In the latest issue of the British Medical Journal (BMJ), I read a paper by Budhathoki et al. that investigated the association between vitamin D (serum 25-hydroxyvitamin D) and cancer in the Japenese population. The authors reported that high levels of vitamin D were associated with low risk of cancer. There is a large evidence base supporting the beneficial role of vitamin D in lowering the risk of chronic diseases and mortality. Therefore, I got motivated to explore the levels of Vitamin D in the U.S. using the data from National Health and Nutrition Examination Survey (NHANES).

This analysis is composed of three parts. First, I will calculate the prevalence of vitamin D status (i.e., deficiency, inadequacy, and sufficiency) in the United States for 2009-2010 and will build bar plots. Second, I will conduct a stratified analysis by gender, race, and pregnancy status to visualize proportions of inadequacy and deficiency. In the end, to establish the trends of vitamin D, I will build the trajectories from 2001 to 2010. To account for variability of vitamin D levels by age and season, the prevalences of deficiency and inadequacy will be calculated in using multivariable logistic regression.

Libraries and Datasets

Load the neccessary libraries

library(tidyverse)
library(RNHANES)
library(ggsci)
library(ggthemes)

Upload NHANES data from 2001 to 2010 and select the variables of interest.

d01 = nhanes_load_data("VID_B", "2001-2002") %>%
  transmute(SEQN=SEQN, vitD=LBDVIDMS, wave=cycle) %>%
  select(SEQN, vitD, wave) %>% 
  left_join(nhanes_load_data("DEMO_B", "2001-2002"), by="SEQN") %>%
  select(SEQN, vitD, wave, RIAGENDR, RIDAGEYR, RIDEXPRG, RIDRETH1, WTMEC2YR, RIDEXMON)

d03 = nhanes_load_data("VID_C", "2003-2004") %>% 
  transmute(SEQN=SEQN, vitD=LBDVIDMS, wave=cycle) %>%
  select(SEQN, vitD, wave) %>% 
  left_join(nhanes_load_data("DEMO_C", "2003-2004"), by="SEQN") %>%
  select(SEQN, vitD, wave, RIAGENDR, RIDAGEYR,RIDRETH1, WTMEC2YR, RIDEXMON, RIDEXPRG)

d05 = nhanes_load_data("VID_D", "2005-2006") %>% 
  transmute(SEQN=SEQN, vitD=LBDVIDMS, wave=cycle) %>%
  select(SEQN, vitD, wave) %>% 
  left_join(nhanes_load_data("DEMO_D", "2005-2006"), by="SEQN") %>%
  select(SEQN, vitD, wave, RIAGENDR, RIDAGEYR, RIDRETH1, WTMEC2YR, RIDEXMON, RIDEXPRG)

d07 = nhanes_load_data("VID_E", "2007-2008") %>% 
  transmute(SEQN=SEQN, vitD=LBXVIDMS, wave=cycle) %>%
  select(SEQN, vitD, wave) %>% 
  left_join(nhanes_load_data("DEMO_E", "2007-2008"), by="SEQN") %>%
  select(SEQN, vitD, wave, RIAGENDR, RIDAGEYR, RIDRETH1, WTMEC2YR, RIDEXMON, RIDEXPRG)

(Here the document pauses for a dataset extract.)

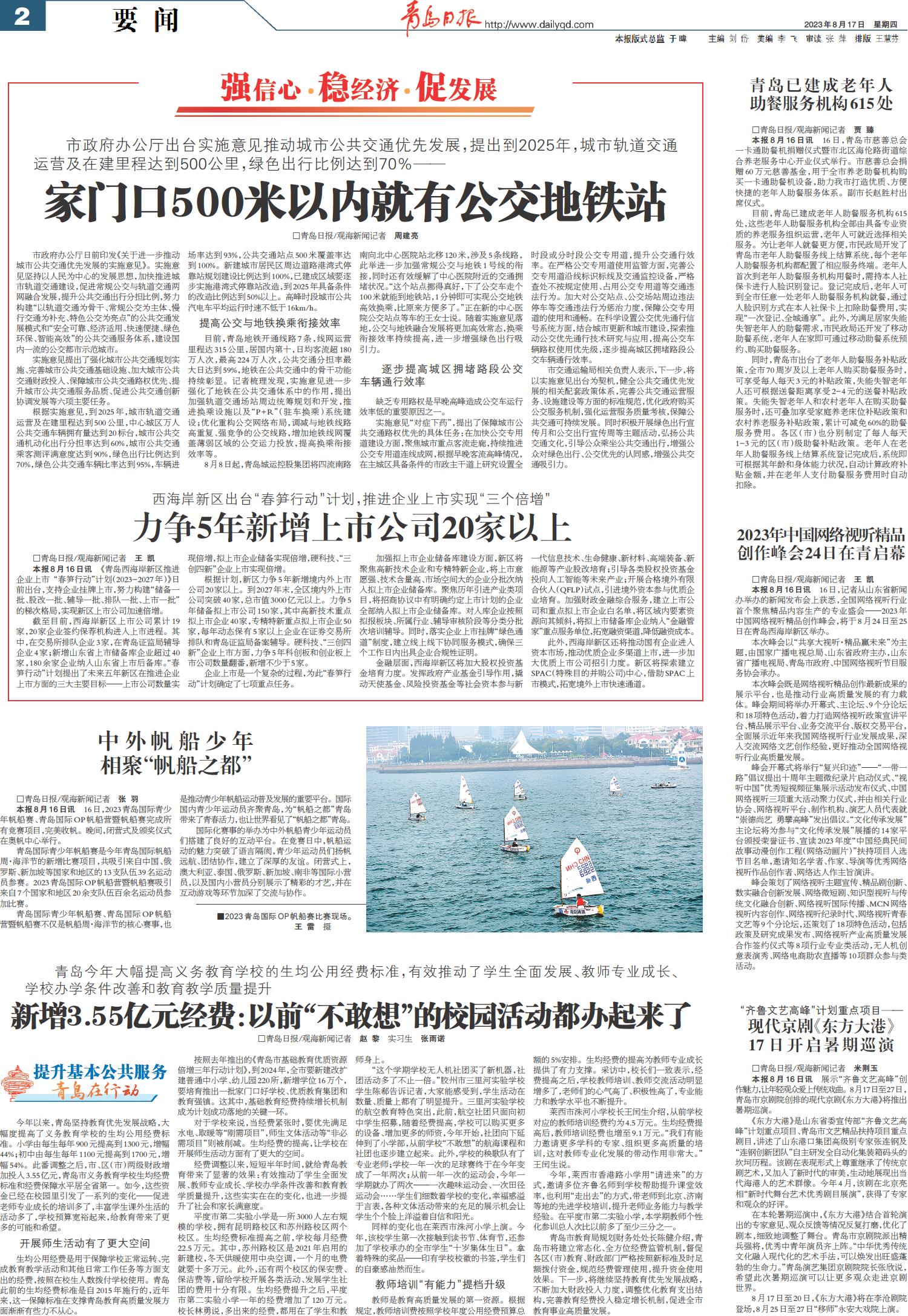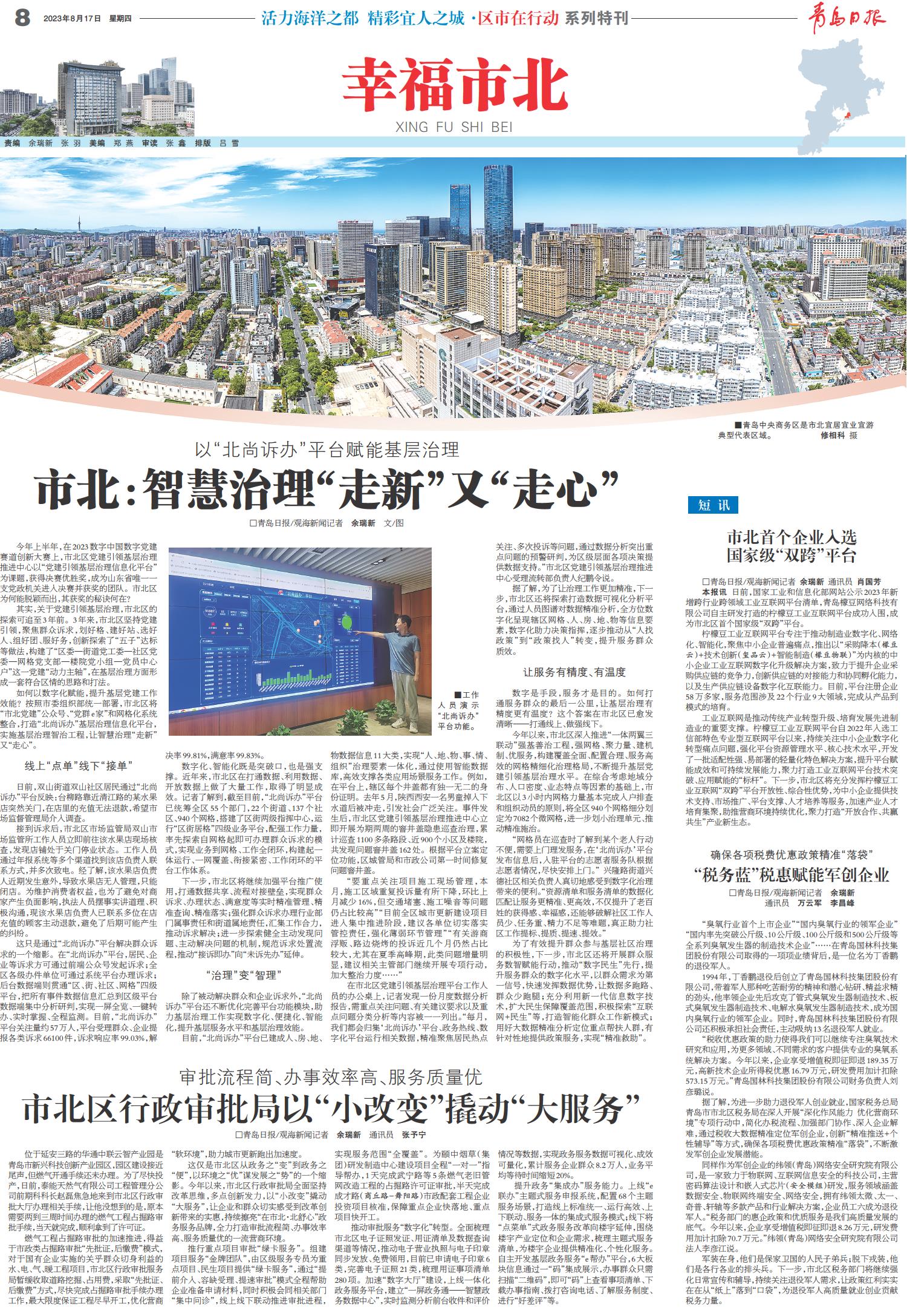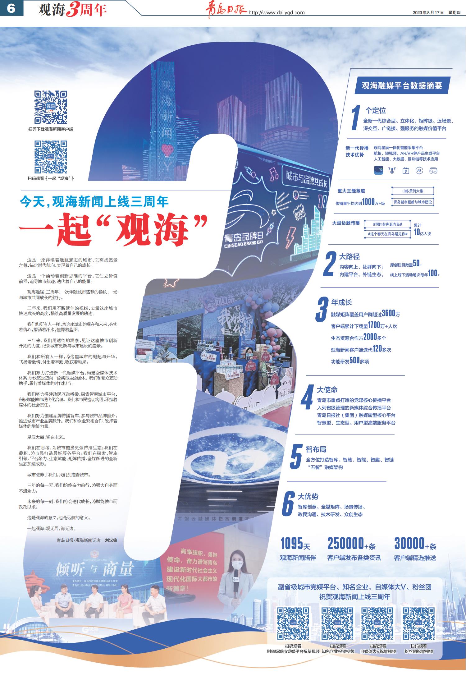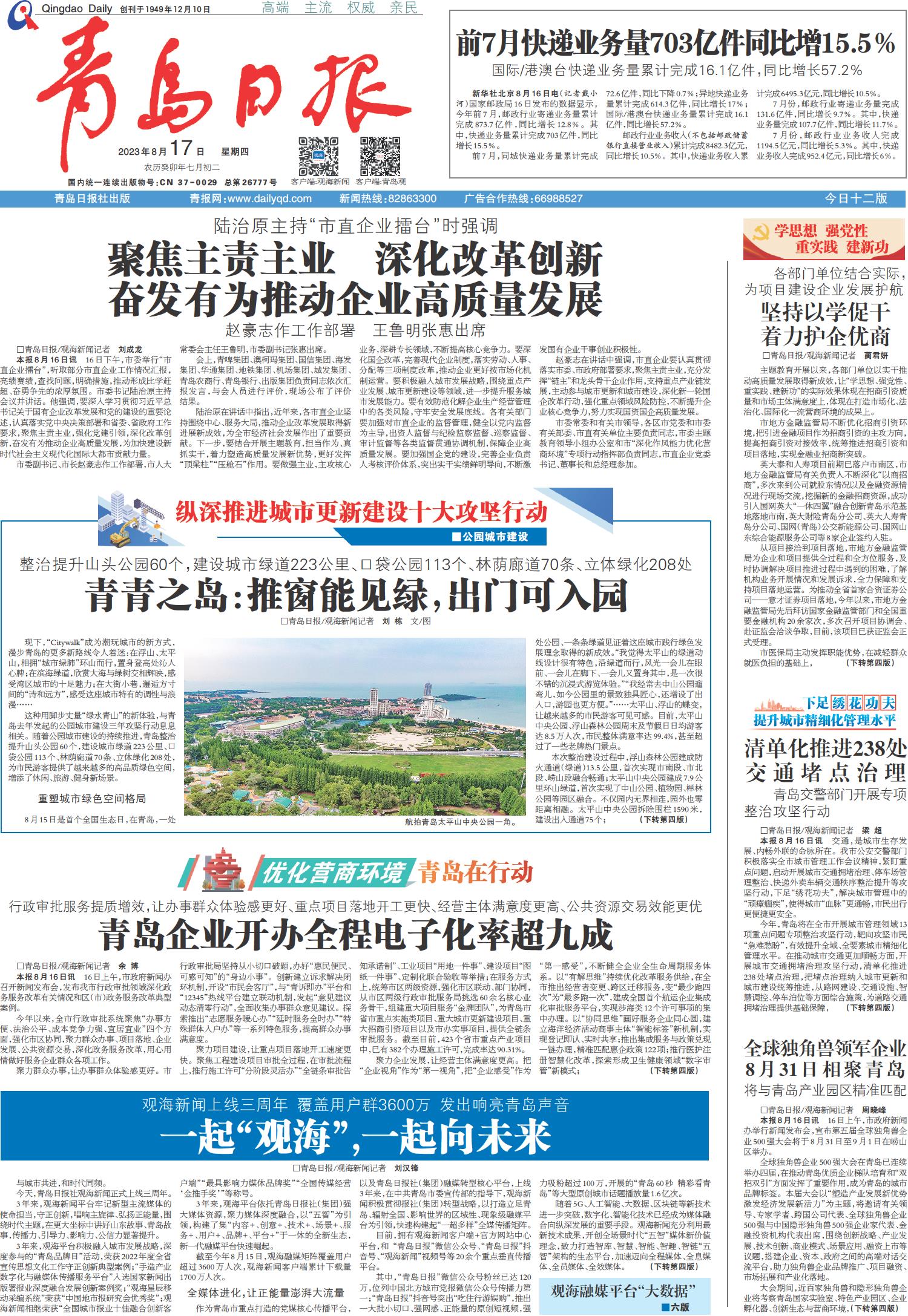 01 首版 02 要闻 03 青岛日报聚焦 04 国内·国际 05 城事 06 观海3周年 07 新财富 08 幸福市北 09 幸福市北 10 上合之声 11 会展 12 公告

d09 = nhanes_load_data("VID_F", "2009-2010") %>% 
  transmute(SEQN=SEQN, vitD=LBXVIDMS, wave=cycle) %>%
  select(SEQN, vitD, wave) %>% 
  left_join(nhanes_load_data("DEMO_F", "2009-2010"), by="SEQN") %>%
  select(SEQN, vitD, wave, RIAGENDR,RIDAGEYR, RIDRETH1, WTMEC2YR, RIDEXMON, RIDEXPRG)

The datasets includes following variables:

Data Cleaning

I will combine all dataset with using the function rbind as all columns of each dataset have same variable names.

all = rbind(d01, d03, d05, d07, d09) 

Next, I will exclude participants with no information on vitamin D or with vitamin D larger than 125 nm/L (1% of the sample). Vitamin D > 125 nmol/l is considered to have possibly harmful effects and it is not the purpose of the current analysis. Also, I will group vitamin D levels according to Institute of Medicine guidelines, and I will recode gender and race.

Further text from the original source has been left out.